Vacation Bible School Waiver Release Form

2016 Vacation Bible School Waiver Release Form
Wednesday, June 22 through Friday, June 24
Child’s Name
Parent(s)/Guardian Name(s)_____________________________________________________________
Address ______________________________________________________________________________
Home Phone ___________________Cell Phone __________________Work Phone ________________
Parent e-mail address ___________________________________________________________________
The undersigned does hereby give permission for the above listed children to attend and participate
Family Day Ministries Vacation Bible School during the period of JUNE 22-24,2016.
LIABILITY RELEASE: In consideration of Family Day Ministries, allowing the above child(ren) to participate
in Vacation Bible School activities, we (I), the undersigned, do hereby release, forever discharge and agree to
hold harmless Family Day Ministries, its directors, employees, volunteers and agents (collectively herein the
“Church”) from any and all liability, claims or demands for accidental personal injury, sickness or death, as well
as property damage and expenses, of any nature whatsoever which may be incurred by the undersigned and
the above child(ren) while involved in Vacation Bible School.
Furthermore, we (I) [and on behalf of our (my) minor child(s)] hereby assume all risk of accidental personal
injury, sickness, death, damage and expense as a result of participation in activities involved therein.

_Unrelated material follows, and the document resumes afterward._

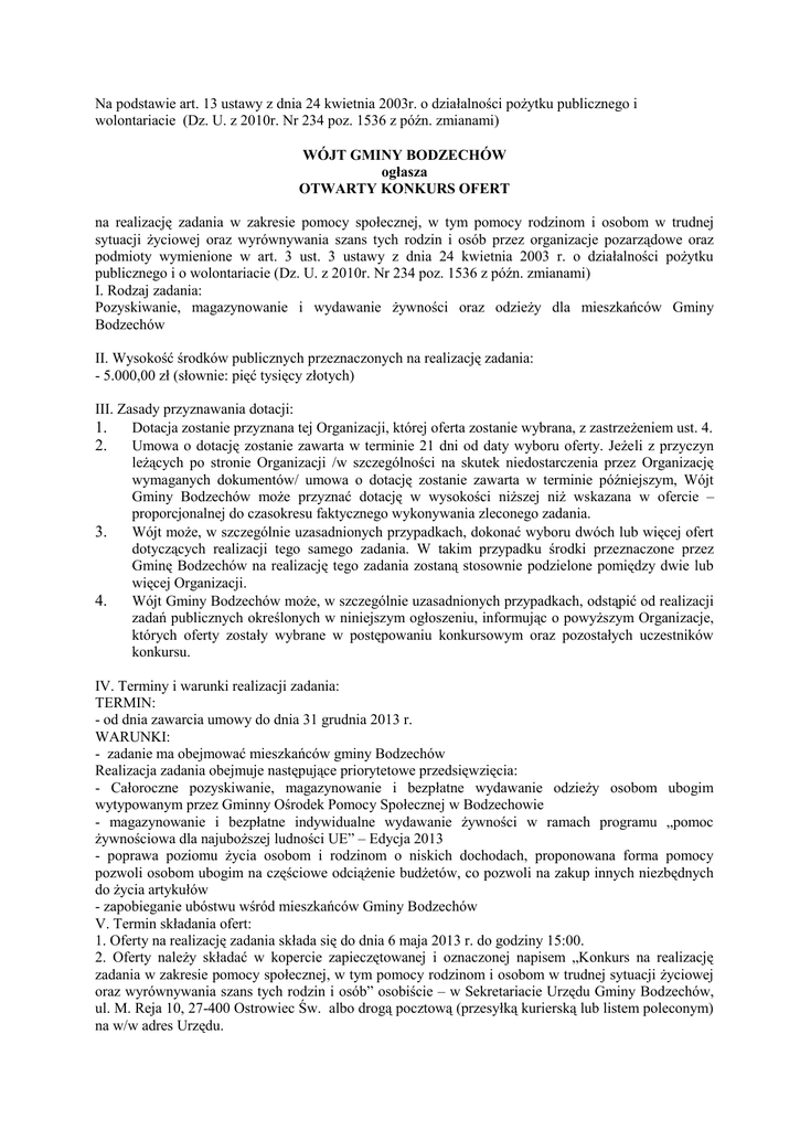 Na podstawie art. 13 ustawy z dnia 24 kwietnia 2003r. o działalności pożytku publicznego i wolontariacie (Dz. U. z 2010r. Nr 234 poz. 1536 z późn. zmianami) WÓJT GMINY BODZECHÓW ogłasza OTWARTY KONKURS OFERT na realizację zadania w zakresie pomocy społecznej, w tym pomocy rodzinom i osobom w trudnej sytuacji życiowej oraz wyrównywania szans tych rodzin i osób przez organizacje pozarządowe oraz podmioty wymienione w art. 3 ust. 3 ustawy z dnia 24 kwietnia 2003 r. o działalności pożytku publicznego i o wolontariacie (Dz. U. z 2010r. Nr 234 poz. 1536 z późn. zmianami) I. Rodzaj zadania: Pozyskiwanie, magazynowanie i wydawanie żywności oraz odzieży dla mieszkańców Gminy Bodzechów II. Wysokość środków publicznych przeznaczonych na realizację zadania: - 5.000,00 zł (słownie: pięć tysięcy złotych) III. Zasady przyznawania dotacji: 1. Dotacja zostanie przyznana tej Organizacji, której oferta zostanie wybrana, z zastrzeżeniem ust. 4. 2. Umowa o dotację zostanie zawarta w terminie 21 dni od daty wyboru oferty. Jeżeli z przyczyn leżących po stronie Organizacji /w szczególności na skutek niedostarczenia przez Organizację wymaganych dokumentów/ umowa o dotację zostanie zawarta w terminie późniejszym, Wójt Gminy Bodzechów może przyznać dotację w wysokości niższej niż wskazana w ofercie – proporcjonalnej do czasokresu faktycznego wykonywania zleconego zadania. 3. Wójt może, w szczególnie uzasadnionych przypadkach, dokonać wyboru dwóch lub więcej ofert dotyczących realizacji tego samego zadania. W takim przypadku środki przeznaczone przez Gminę Bodzechów na realizację tego zadania zostaną stosownie podzielone pomiędzy dwie lub więcej Organizacji. 4. Wójt Gminy Bodzechów może, w szczególnie uzasadnionych przypadkach, odstąpić od realizacji zadań publicznych określonych w niniejszym ogłoszeniu, informując o powyższym Organizacje, których oferty zostały wybrane w postępowaniu konkursowym oraz pozostałych uczestników konkursu. IV. Terminy i warunki realizacji zadania: TERMIN: - od dnia zawarcia umowy do dnia 31 grudnia 2013 r. WARUNKI: - zadanie ma obejmować mieszkańców gminy Bodzechów Realizacja zadania obejmuje następujące priorytetowe przedsięwzięcia: - Całoroczne pozyskiwanie, magazynowanie i bezpłatne wydawanie odzieży osobom ubogim wytypowanym przez Gminny Ośrodek Pomocy Społecznej w Bodzechowie - magazynowanie i bezpłatne indywidualne wydawanie żywności w ramach programu „pomoc żywnościowa dla najuboższej ludności UE” – Edycja 2013 - poprawa poziomu życia osobom i rodzinom o niskich dochodach, proponowana forma pomocy pozwoli osobom ubogim na częściowe odciążenie budżetów, co pozwoli na zakup innych niezbędnych do życia artykułów - zapobieganie ubóstwu wśród mieszkańców Gminy Bodzechów V. Termin składania ofert: 1. Oferty na realizację zadania składa się do dnia 6 maja 2013 r. do godziny 15:00. 2. Oferty należy składać w kopercie zapieczętowanej i oznaczonej napisem „Konkurs na realizację zadania w zakresie pomocy społecznej, w tym pomocy rodzinom i osobom w trudnej sytuacji życiowej oraz wyrównywania szans tych rodzin i osób” osobiście – w Sekretariacie Urzędu Gminy Bodzechów, ul. M. Reja 10, 27-400 Ostrowiec Św. albo drogą pocztową (przesyłką kurierską lub listem poleconym) na w/w adres Urzędu. 3. Oferty realizacji zadania publicznego składa się według wzoru określonego w załączniku nr 1 do rozporządzenia Ministra Pracy i Polityki Społecznej z dnia 15 grudnia 2010 r. w sprawie wzoru oferty i ramowego wzoru umowy dotyczących realizacji zadania publicznego oraz wzoru sprawozdania z wykonania tego zadania (Dz. U. z 2011r. Nr 6, poz. 25). 4. Do oferty należy dołączyć wymagane załączniki: - odpis aktualny z Krajowego Rejestru Sądowego lub inny dokument stanowiący o podstawie prawnej działalności organizacji (w wypadku jego braku należy dołączyć oświadczenie o przedłożeniu takowego przed podpisaniem umowy) - sprawozdanie z działalności za ostatni rok - statut organizacji w przypadku złożenia innego dokumentu stanowiącego o podstawie prawnej działania - kopie dokumentów powinny być poświadczone za zgodność z oryginałem Wnioski złożone w inny niż opisany sposób lub po terminie nie będą rozpatrywane. VI. Termin, tryb i kryteria stosowane przy dokonywaniu wyboru oferty: TERMIN: 1. Weryfikacja formalna ofert przez powołaną zarządzeniem przez Wójta komisję konkursową nastąpi w dniu 7 maja 2013 roku o godzinie 11.00 w Urzędzie Gminy Bodzechów, pok. Nr 11. 2. Informacja o wyborze ofert zostanie zamieszczona na stronach internetowych Urzędu Gminy Bodzechów, w Biuletynie Informacji Publicznej oraz na tablicy ogłoszeń w siedzibie Urzędu Gminy Bodzechów. KRYTERIA: Przy dokonywaniu wyboru oferty brane będą pod uwagę : 1) zgodność złożonej oferty z wymaganiami konkursowymi – oferty nie odpowiadające wymogom formalnym nie będą rozpatrywane przez komisję konkursową, 2) możliwość realizacji zadania przez podmiot – posiadanie odpowiednio przygotowanej kadry, środków rzeczowych, warunków lokalowych i innych, 3) rzetelność przedstawionej kalkulacji kosztów, 4) ocena dotychczasowej współpracy podmiotu z Gminą Bodzechów, (Organizacja, która nie wykonała lub nienależycie wykonała zobowiązania wynikające z umowy dotacji na dany rok, nie może otrzymać dotacji przez okres 3 kolejnych lat), 5) dotychczasowe doświadczenia podmiotu w realizacji zadań podobnego rodzaju Nie będą brane pod uwagę oferty: 1) niekompletne lub sporządzone w inny sposób niż określony w ogłoszeniu otwartego konkursu, 2) dotyczące innego zadania niż określonego w ogłoszeniu otwartego konkursu. VII. Zrealizowane przez Gminę Bodzechów w bieżącym roku i w roku poprzednim zadania publiczne tego samego rodzaju i związane z nim koszty, ze szczególnym uwzględnieniem wysokości dotacji przekaza

MEDICAL TREATMENT PERMISSION: We (I) authorize an adult, in whose care the minor has been
entrusted, to consent to any emergency x-ray examination, anesthetic, medical, surgical or dental diagnosis or
treatment and hospital care, to be rendered to the minor under the general or special supervision and on the
advice of any physician or dentist licensed on the medical staff of a licensed hospital or emergency care
facility. The undersigned shall be liable and agree(s) to pay all costs and expenses incurred in connection with
such medical and dental services rendered to the aforementioned child or youth pursuant to this authorization.
Medical Insurance: YES _____NO ____
Allergies or Medical Conditions: (If more than one child list each separately)
Activity restrictions: __________________________________________________________________
Emergency Contact person & phone #s in case parent/guardian cannot be reached:
Name: _______________________________________________________________________________
Phone #s: ____________________________________________________________________________
Media Release
I, ________________________________________, hereby give permission for the staff and volunteers of
Family Day Ministries to photograph, videotape and/or voicetape my child/children during VBS activities for
purposes of in-house church use.
Parent/Guardian Signature: _______________________________________Date ___________
Note: All information will remain confidential to VBS Staff.